Harpobittacus is a genus of hangingfly of the family Bittacidae found in Australia.

== Habitat and Development ==
Species of Harpobittacus are found in moist environments as larvae and adults. The adults are active from October to February and lay their eggs in the summer. They undergo metamorphosis, beginning with the female laying her cube–shaped eggs in the soil. The larva pupate underground, remaining moist to prevent desiccation and once they hatch, they feed on soil, mosses, dead insects, and leaf litter.

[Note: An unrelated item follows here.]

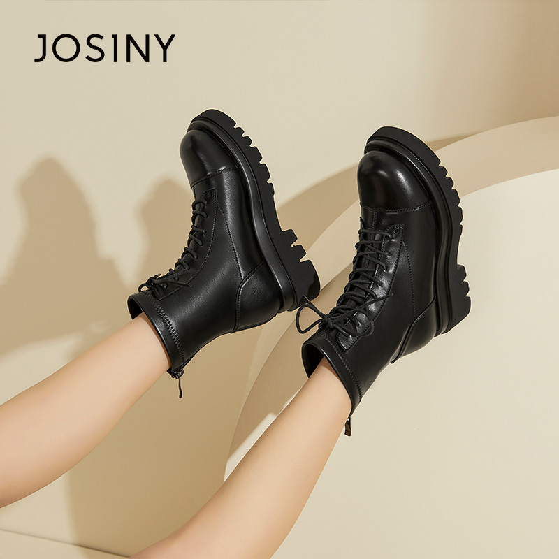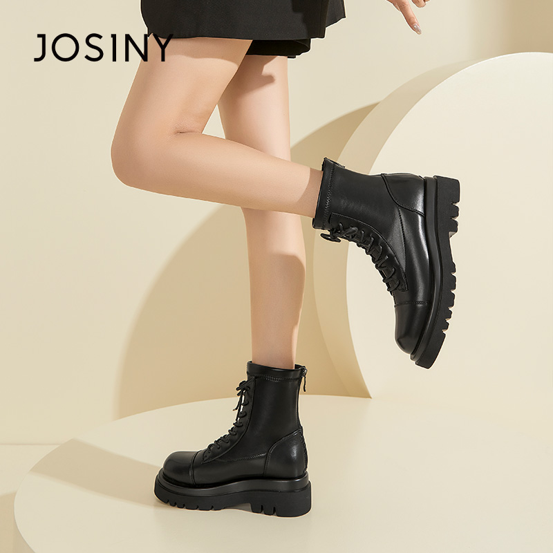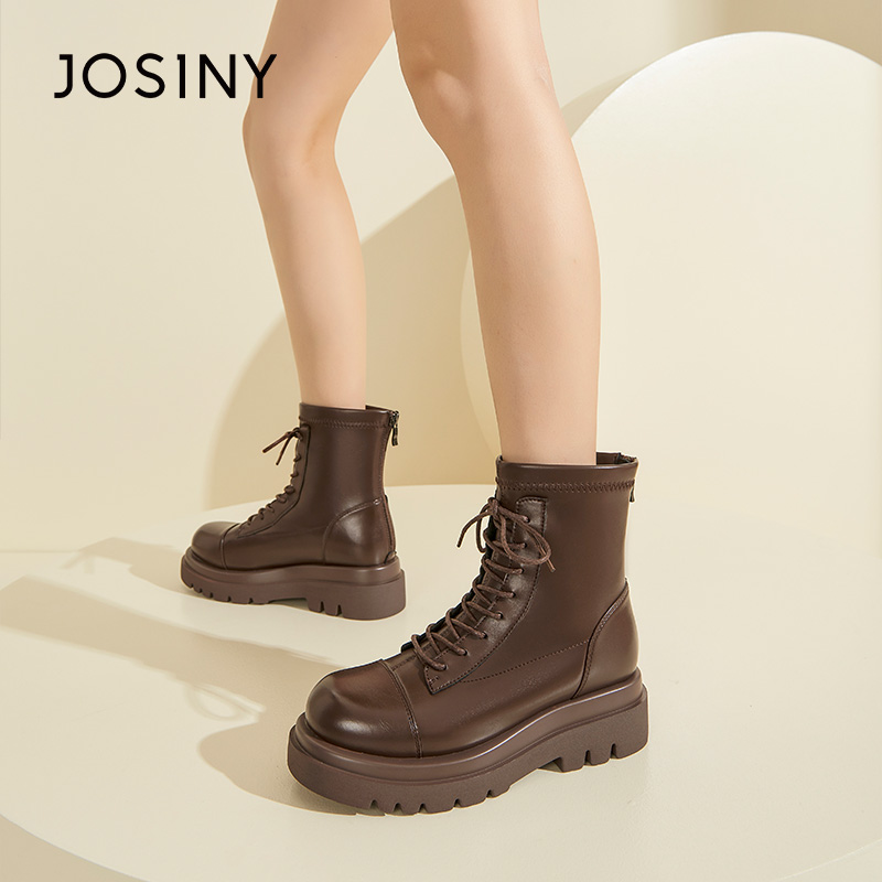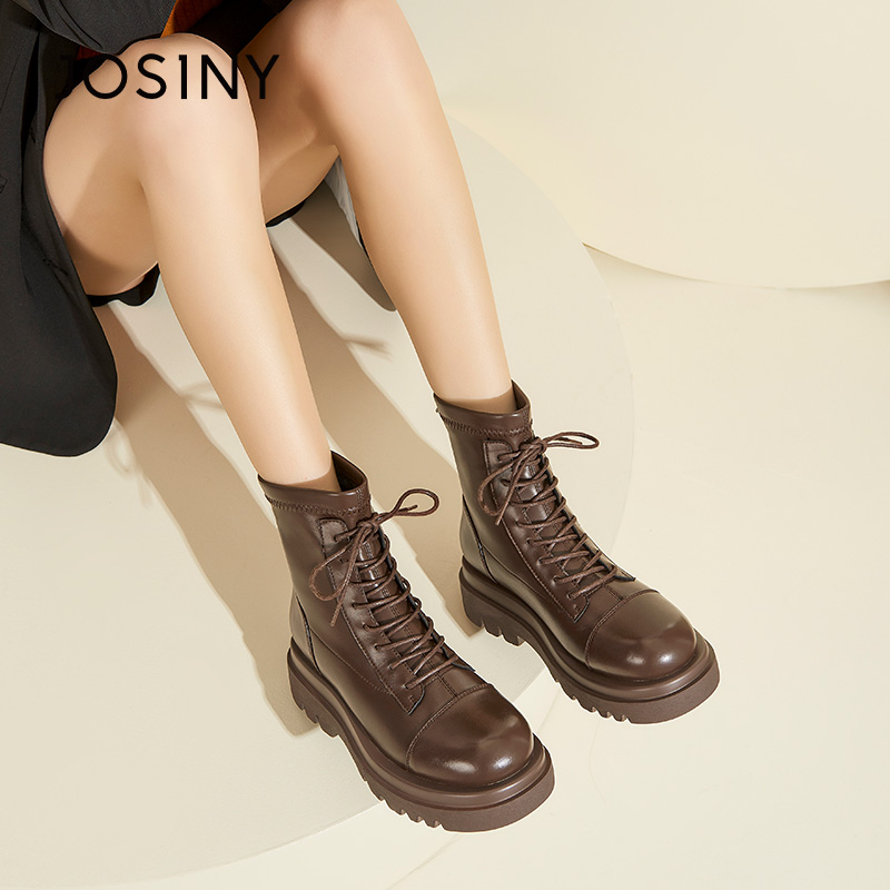 卓诗尼女鞋厚底马丁靴复古拼接圆头百搭英伦瘦瘦靴秋冬款马丁短靴
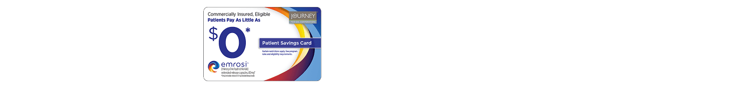 *Terms and conditions: This program offer is only good with a prescription of EMROSI™ and is valid for EMROSI™ (NDC 69489-131-30). This program offer is not valid for prescriptions reimbursed by Medicare, Medicaid, federal or state programs (including any state prescription drug programs). This program offer is valid only in the United States and cannot be redeemed at government subsidized pharmacies. Not valid with any other offer. Maximum reimbursement limits apply. Void where prohibited.

Adults normally display black bodies with orange markings and have claws at the ends of their long legs. They catch prey by hanging from vegetation with their forelegs and capturing small insects that get close with their hind-legs. They feed by holding the insect in their mouth, sucking out the soft tissues and juices and dropping the empty chitinous shells.

== Mating ==
Harpobittacus species exhibit some less common mating strategies, including pheromone secretion, nuptial gifts, and cryptic female choice.

=== Male competition ===
When males are attempting to attract females, other nearby males may approach in an attempt to steal his prey, using a tactic known as prey piracy.The males engage in male–male competition by fighting using their long legs to attack. The larger male has the advantage, as well as the original owner of the prey, due to having a better grip. Oftentimes, no harm is caused to either male, meaning fighting has a low cost associated with it. Males will also frequently use a conditional strategy of switching between hunting their own prey and stealing from other males.

=== Nuptial gifts ===
Males that have captured prey and are looking to mate will release a sex pheromone to attract prospective females. Once the male has attracted a female, he will present the prey, or nuptial gift, for the female to eat while they copulate. The nuptial gift is normally an arthropod that they've caught and deemed large enough to be able to attract a female with.The catching of prey can be energetically costly to the males, however they often eat some of the prey before offering it to prospective mates. The male will give the female a taste and then he will prevent her from eating it for the first several minutes as he grasps the tip of the female's abdomen with his genital claspers. This allows him to prolong the length of copulation, increasing the amount of sperm transferred to the female. Eventually, he gives her the prey and she continues to eat throughout the duration of copulation. Once the female stops eating, copulation ceases and she flies away.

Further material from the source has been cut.